The Urbie robot uses a binocular stereo camera pair.

Image courtesy of NASA

In January 2002, I was asked to give an opening talk and performance for NAMM, the annual trade show for makers and sellers of musical instruments. What I did was create a rhythmic beat by making the most extreme funny faces I could in quick succession. A computer was watching my face through a digital camera and generating varied opprobrious percussive sounds according to which funny face it recognized. Keeping a rhythm with your face is a new, strange trick. It tickles while you do it. We should expect a generation of kids to adopt the practice en masse any year now.

This is the sort of deceptively silly event that should be taken seriously as an indicator of technological change. My sense is that by the end of this decade, pattern-recognition tasks like facial tracking will become commonplace. On one level, this means we have to rethink policy related to privacy, since hypothetically a network of security cameras could automatically determine where everyone is and what faces they are making, but there are many other extraordinary possibilities. Imagine that your avatar in Second Life (or better yet, in fully realized, immersive virtual reality) was conveying the subtleties of your facial expressions at every moment. Wouldn’t that lead to a splendid new outpouring of creative interpersonal energy?

A deeper meaning for me is that science is gaining an ability to use formal descriptions of ideas like metaphor and similarity that were previously reserved for artists and poets (see Jaron’s World: Computer Evolution for possible implications regarding the future of scientific simulations). Having explicit, rigorous ways to describe the kinds of processes that go on inside brains will bring us closer to a scientific understanding of ourselves. Indeed, pattern-recognition technology and neuroscience are growing up together.




The software I used at NAMM was a perfect example of this intertwining. It was developed by a little company called Eyematic, where I served as chief scientist. The original project had begun under the auspices of Christoph von der Malsburg, a University of Southern California neuroscientist, and his students, especially postdoc Hartmut Neven. Christoph might be best known for his influential theory from the early 1980s that synchronous firing (when multiple neurons go off at the same moment) is important to the way that neural networks function.

In this case, Christoph was trying to develop hypotheses about what functions are performed by particular patches of tissue in the visual cortex—the part of the brain that receives input from the eyes. There aren’t yet any instruments that can measure what a large, complicated neural net is doing in detail, especially while it is part of a living brain, so scientists have to find indirect ways of testing their ideas about what’s going on in there. For instance, if a hypothesis about what a part of the brain is doing turns out to inspire a working technology, that certainly gives the hypothesis a boost.

These days, neuroscience can inspire practical technology rather quickly. Although Eyematic folded, Hartmut Neven and many of the original students started a successor company to salvage the software, and that company was swallowed up by Google last year. What Google plans to do with the stuff isn’t clear yet. I hope they’ll come up with some creative applications along with the expected searching of images on the Net.

Will the age of pattern recognition inspire more privacy anxieties or creative festivities?
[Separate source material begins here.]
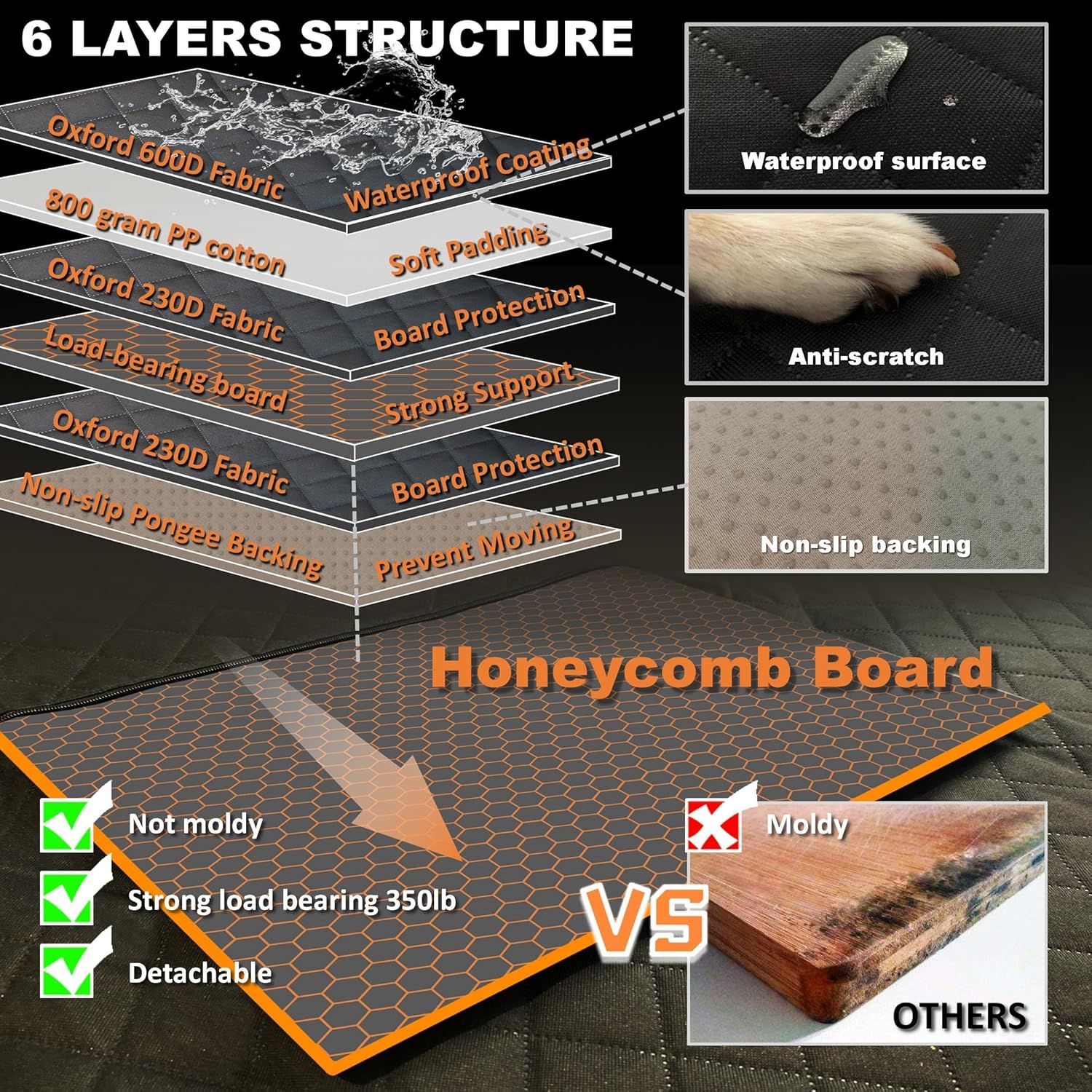 - 【Transform Back Seat Into A Large Bed】The dog car seat cover for back seat can transform the entire space in the back seat into a large and comfortable resting space for dogs by a expanded hard bottom, providing your pets with extra comfort during car travel or camping. The dog seat cover for back seat behaves like a barrier to keep your dogs away from the seat and door, which is a good protector to prevent bitting or scrathing. The strong support base of car seat covers for dogs prevents dogs falls during the drive.

One determining factor might be whether enough people can develop practical intuitions about how these algorithms work. Informed users will take charge, while ignorant ones will be bamboozled. I’d like to do my little bit to help, so here is an attempt at a commonsense explanation of how image-recognition algorithms work.

I’ll start with a childhood memory. When I was a boy growing up in the desert of southern New Mexico, I encountered a simple example of pattern recognition in the dirt roads. The roads had wavy “corduroy” bumps created by the tires of previous cars; the spacing of the bumps was determined by the average speed of the drivers on the road. When your speed matched that average, the ride would feel less bumpy. You couldn’t see the bumps with your eyes except right at sunset, when the horizontal red light rays highlighted every irregularity in the ground. At midday you had to drive to perceive the hidden information in the road.

Digital algorithms must approach pattern recognition in a similarly indirect way, and they often have to make use of a common procedure that’s a little like running virtual tires over virtual bumps. It’s called the Fourier transform. A Fourier transform detects how much action there is at particular “speeds” (frequencies) in a block of digital information. The graphic equalizer display on many audio players, which shows the intensity of the music in different frequency bands, is a familiar example.